Unintentional felons?

Whenever a new law is proposed in Congress, and especially when it deals with copyright, it behooves us to look both for the reasoning behind the bill and it potential for unintended impact on non-targeted activities.

Such a bill is S 978, also known as the “10 Strikes” bill, which was introduced by Sens. Klobuchar, Cornyn and Coons and recently reported out of committee to the full Senate.  The language of the bill amends both copyright law and the federal criminal statues to turn ten or more public performances of a copyrighted work “by electronic means”  — presumably unauthorized performances — into a felony punishable by up to five years in jail.

The purpose of this bill seems relatively obvious; it would further shift the expenses of copyright enforcement from the private companies that create content onto the taxpayer.  Copyright is generally a private tort, and the copyright owner has the obligation to bring lawsuits against infringers in order to enforce its rights.  By converting infringement into a federal crime, the costs of litigation would be borne by the government (the Justice Department) and, ultimately, by taxpayers.  This has been a continuing theme of the lobbying efforts undertaken by “Big Content” in the past few years.  During testimony in favor of this bill (and the PROTECT IP Act, a similar proposal to increase federal enforcement efforts) a DOJ official told the Judiciary Committee that there have already been 15 new attorneys and 51 FBI agents hired under the earlier PRO IP legislation.  The introduction of these bills is an example of the continuing success of industry lobbying.

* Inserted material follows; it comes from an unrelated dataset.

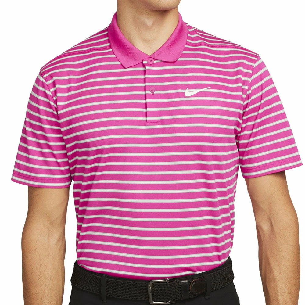 The Nike Dri-FIT Victory Striped Polo shirt features a 2-button placket, classic fold-over collar, and an all-over stripe design for added style.
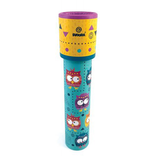 Schaue durch das Okular und drehe den Zylinder, dann siehst du ein zauberhaftes und einzigartiges Farbmuster. Die Formen und Farbkombinationen sind immer wieder verschieden. Das ist der Grund, weshalb Kaleidoskope seit Jahrzehnten faszinieren.

Copyright law has had some criminal provisions for quite a while, but the threshold for this felony is really quite low — only 10 unauthorized public performances within 180 days.  So the expense of industry efforts to reign in YouTube, as well as less above-board media sharing sites, would dramatically shift to government lawyers instead of those employed by Disney or Comcast if this bill were adopted.

The intended consequences of this law are bad enough, at least for those who do not want to hand more tax money to the entertainment industries.  But the unintended consequences could be worse.  As the blog TechDirt points out, this bill could create liability for folks who embed YouTube videos into their webpages or blogs.  Others have suggested that online karaoke could also become a criminal act.  Since it is public performances and not just reproduction that is criminalized here, some one who embeds a video (or even links to it?) would need to know in advance that the video was made available with authorization.

As the parenthetical question above indicates, the absence of a definition of what constitutes a public performance makes this law especially ill-conceived.  And it is not even made explicit that only unauthorized public performances would trigger liability, although presumably this enforcement bill cannot by itself criminalize public performances that are not even infringing.

For higher education, it is useful to distinguish which performances might raise a problem if this bill were enacted and which ones would not.  Performances in a live classroom are specifically authorized by the Copyright Act, so they would not have the potential for criminal liability.  Film clips that are transmitted through a closed learning management system are similarly authorized (although with several qualifications), so this common practice would not become criminal either.  Nevertheless, the fact that we have to ask the question indicates how dangerous such thoughtless legislation can be.

Where risk would arise is in those many supplemental educational communication tools that faculty use to enrich there teaching.  Embedding a video in a class blog might become problematic, as could having students make and share videos in which background music, even if incidental, was included. And a cynic might see behind this new effort to ratchet up penalties for infringement an attempt to frighten other universities away from following the example of UCLA in streaming digital video for classroom teaching; under this bill criminal charges might be possible if a fair use defense of that practice were rejected.

Another big question raised by this proposal is whether or not “accomplice” liability might attach to universities because of criminalized public performances initiated by students.  Courts have apparently never accepted a criminal parallel to contributory infringement, but the Department of Homeland Security asserted exactly that theory when it began seizing the Internet domains of web sites that allegedly linked to pirated content.

With this “10 Strikes” bill is is easy to see why it is important, yet extremely rare, for Members of Congress to think before they “strike.”